■ Task instructions:
Print every line from the start of the data, and when you reach the line with "Yakuza series might", include it and stop. Pictures are not part of the copy.

[Items from a data source]
....

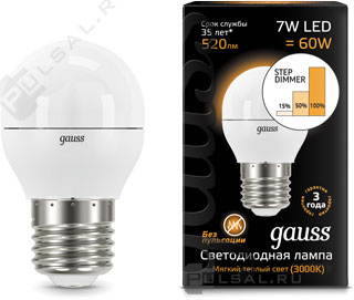 Лампа светодиодная Black, цоколь - E27, мощность - 7Вт, световой поток - 520Лм, цветовая температура - 3000К, диммирование шаговое, 105102107-S, Gauss
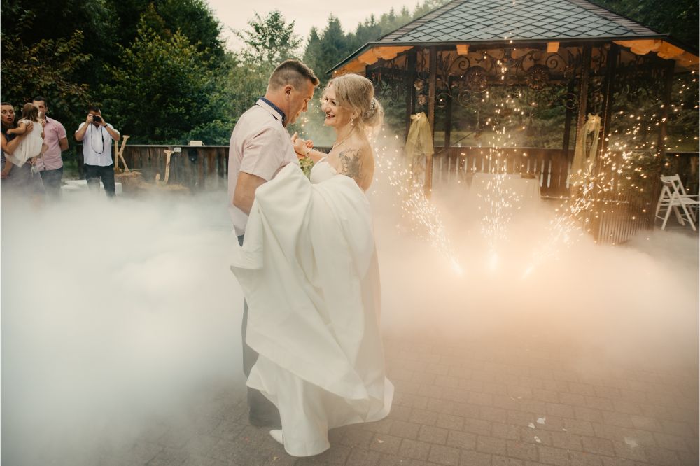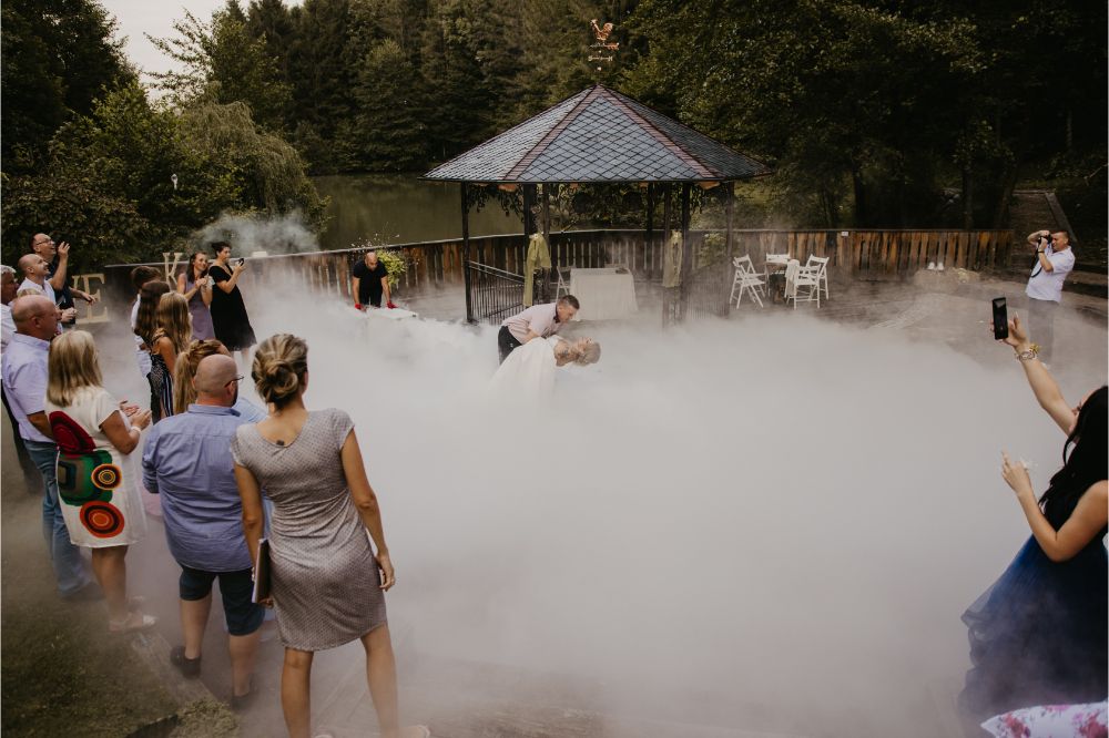Romantični vrhunec sta mladoporočenca uprizorila po prvi predjedi. Na pomolu ob jezeru sta zaplesala prvi poročni ples. Bilo je magično. Dvigala se je romantična meglica, iskrice pa so pričarale piko na i.
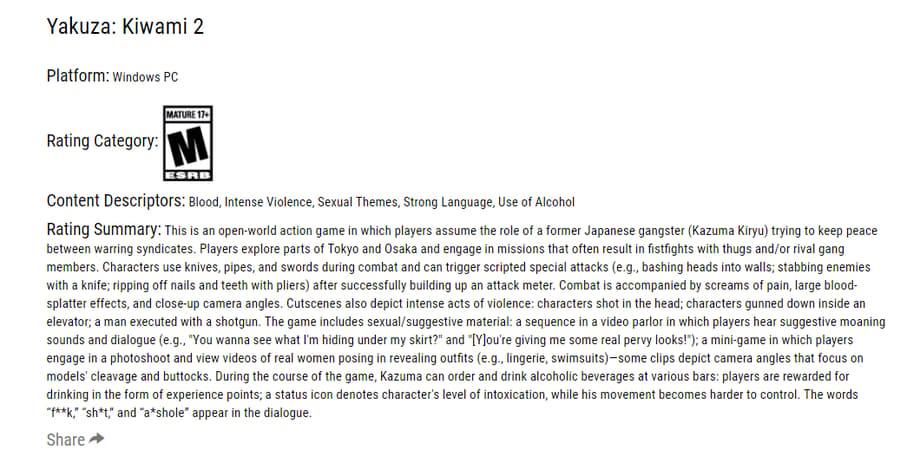 Yakuza series might be released for PC. According to the Entertainment Software Rating Board (also known as the ESRB), that’s exactly what's going to happen, as
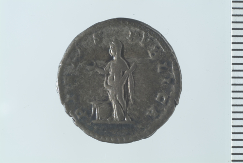 Dritto: Busto drappeggiato di Giulia Domna a d.; contorno perlinato.. Rovescio: Pietas stante presso altare, in atto di alzare al cielo entrambe le mani; contorno perlinato.
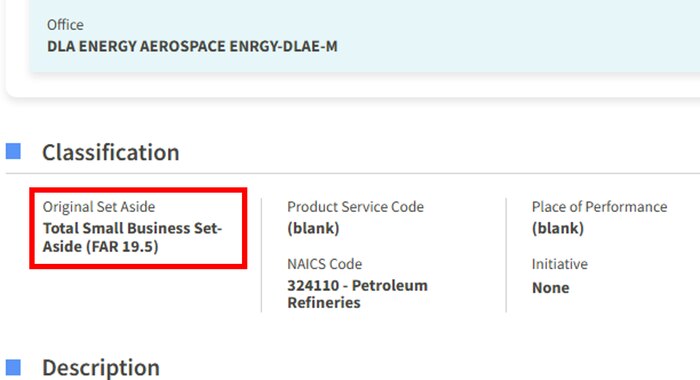 Example of a System for Award Management (SAM.gov) solicitation with a Total Small Business Set-Aside (FAR 19.5) available
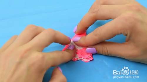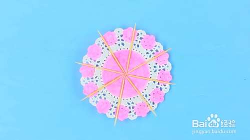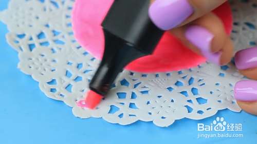 然后用粉色的马克笔给蕾丝纸巾涂上颜色。

....

■ Response for this exercise:
 Лампа светодиодная Black, цоколь - E27, мощность - 7Вт, световой поток - 520Лм, цветовая температура - 3000К, диммирование шаговое, 105102107-S, Gauss
Romantični vrhunec sta mladoporočenca uprizorila po prvi predjedi. Na pomolu ob jezeru sta zaplesala prvi poročni ples. Bilo je magično. Dvigala se je romantična meglica, iskrice pa so pričarale piko na i.
 Yakuza series might be released for PC. According to the Entertainment Software Rating Board (also known as the ESRB), that’s exactly what's going to happen, as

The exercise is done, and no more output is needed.